Geophysically guided well siting at the Aluto-Langano geothermal reservoir

Volcano-hosted high-temperature geothermal reservoirs are powerful resources for green electricity generation. In regions where such resources are available, geothermal energy often provides a large share of a country's total power generation capacity. Sustainable geothermal energy utilization depends on the successful siting of geothermal wells, which in turn depends on prior geophysical subsurface imaging and reservoir characterization. Electromagnetic resistivity imaging methods have proven to be a key tool for characterizing magma-driven geothermal systems because resistivity is sensitive to the presence of melt and clays that form through hydrothermal alteration. Special emphasis is often given to the clay cap, which forms on top of hydrothermal reservoirs along the flow paths of convecting geothermal fluids. As an example, the Aluto-Langano volcanic geothermal field in Ethiopia is covered with 178 densely spaced magnetotelluric (MT) stations. The 3D electrical conductivity model derived from the MT data images the magma body that acts as a heat source of the geothermal system, controlling geothermal convection and formation of alteration zones (commonly referred to as clay cap) atop the geothermal reservoir.

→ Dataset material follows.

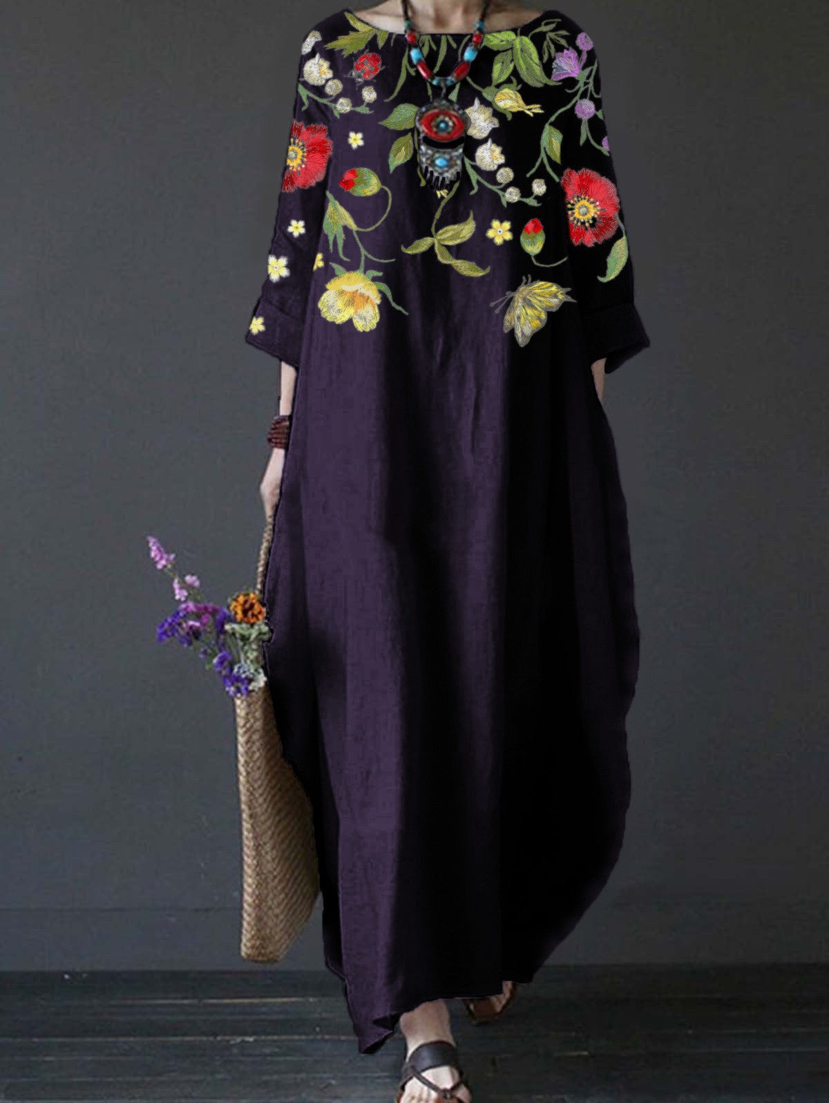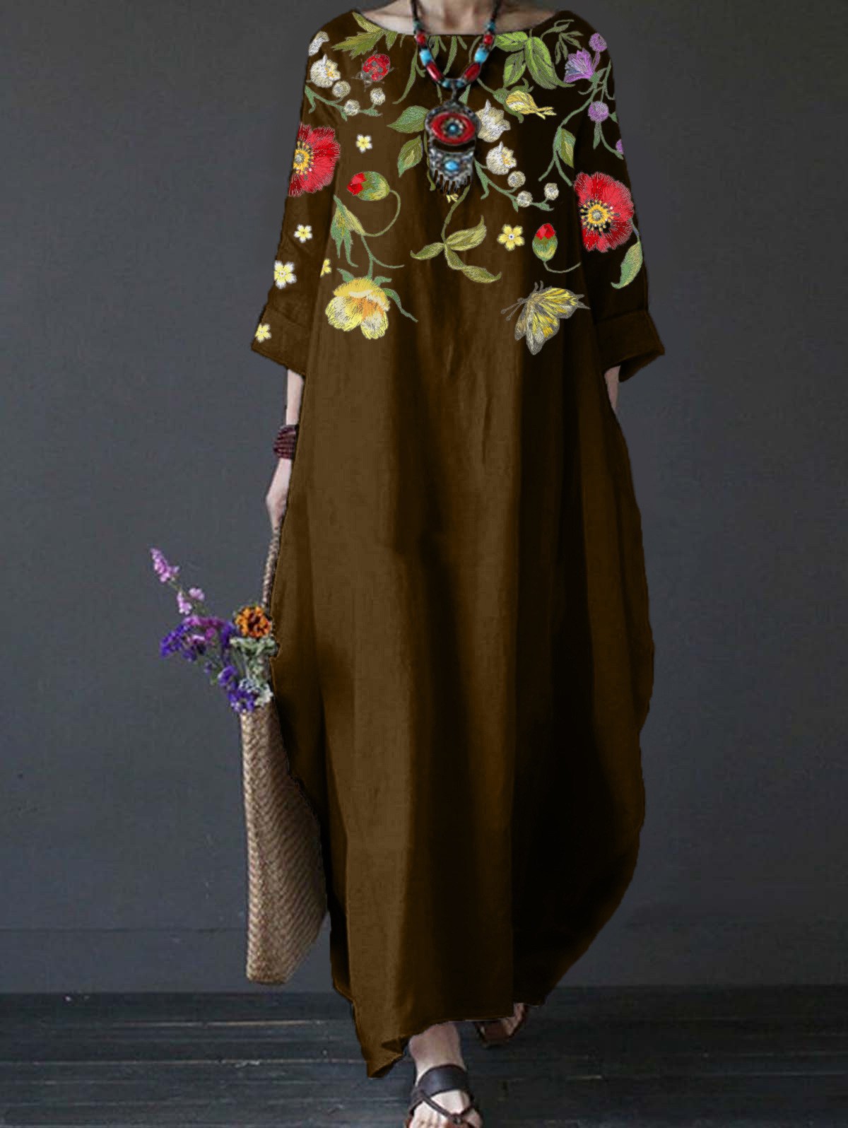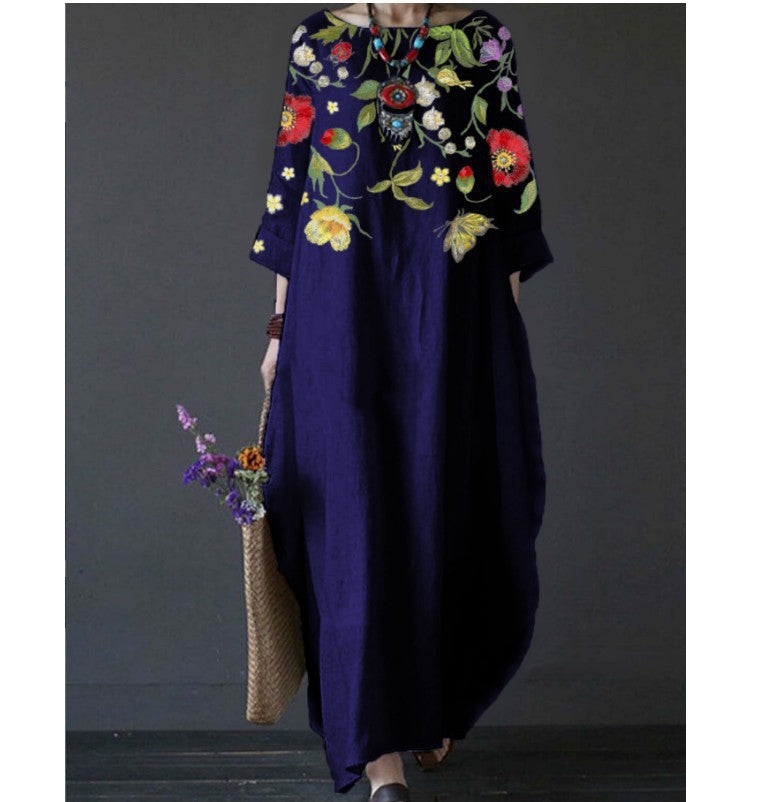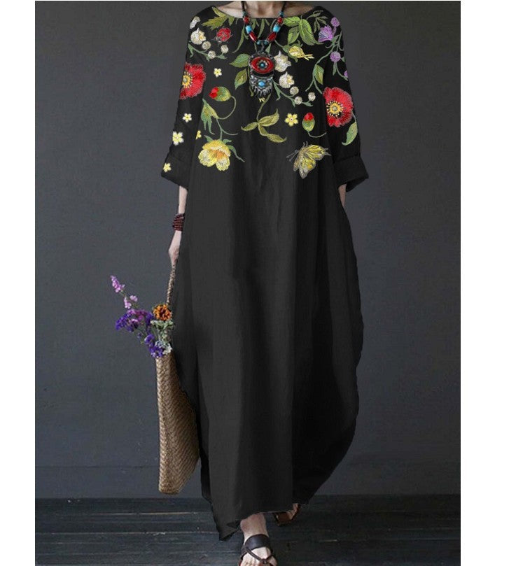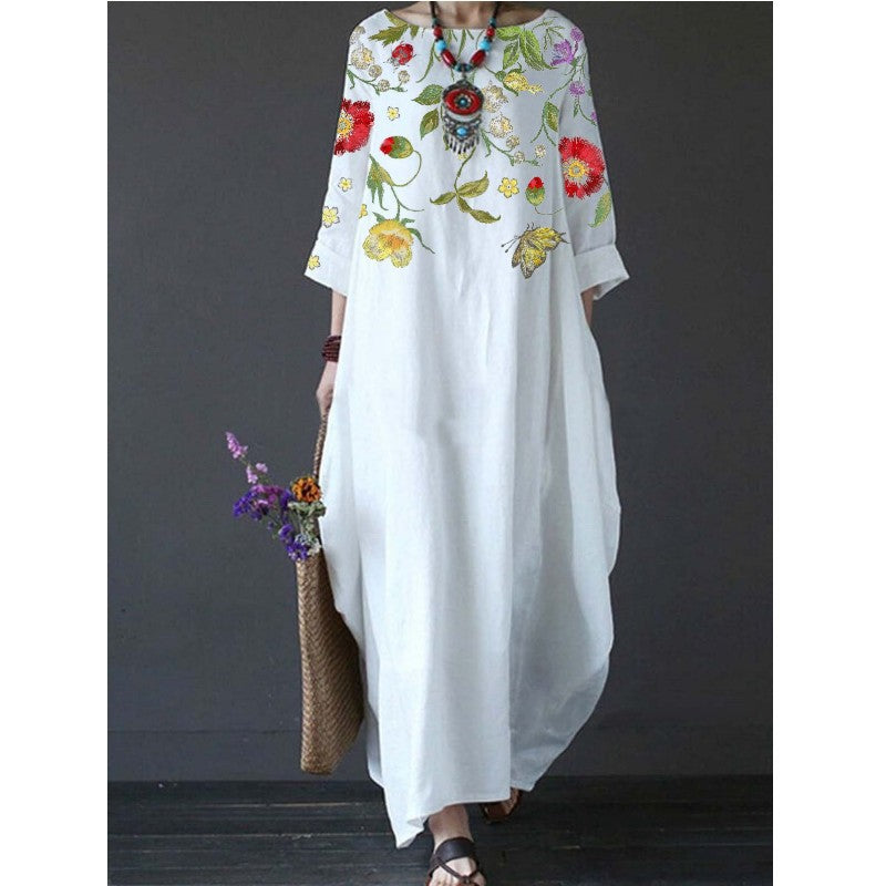 Summer Feminine Style Long Dress Round Neck Vintage Sweet Print Art Dress 3/4 Sleeve

Detailed 3D imaging of the clay cap topography can provide direct insight into hydrothermal flow patterns and help identify potential upflow zones. At Aluto all productive geothermal wells are drilled into zones of clay cap thinning and updoming, which is indicative of underlying hydrothermal upflow zones. In contrast, nonproductive wells are drilled into zones of clay cap thickening and lowering, which is an indicator for underlying outflow zones and cooling. This observation is linked to fundamental characteristics of volcanohosted systems and can likely be adapted to other geothermal fields where sufficiently detailed MT surveys are available. Therefore, high-resolution 3D electromagnetic imaging of hydrothermal alteration products (clay caps) can be used to infer the hydrothermal flow patterns in geothermal reservoirs and contribute to derisking geothermal drilling projects.

Automated summary

Volcano-hosted high-temperature geothermal reservoirs are valuable resources for green electricity generation. Electromagnetic imaging methods can provide detailed characterization of geothermal systems, helping to understand the flow patterns of hydrothermal fluids and locate suitable drilling sites.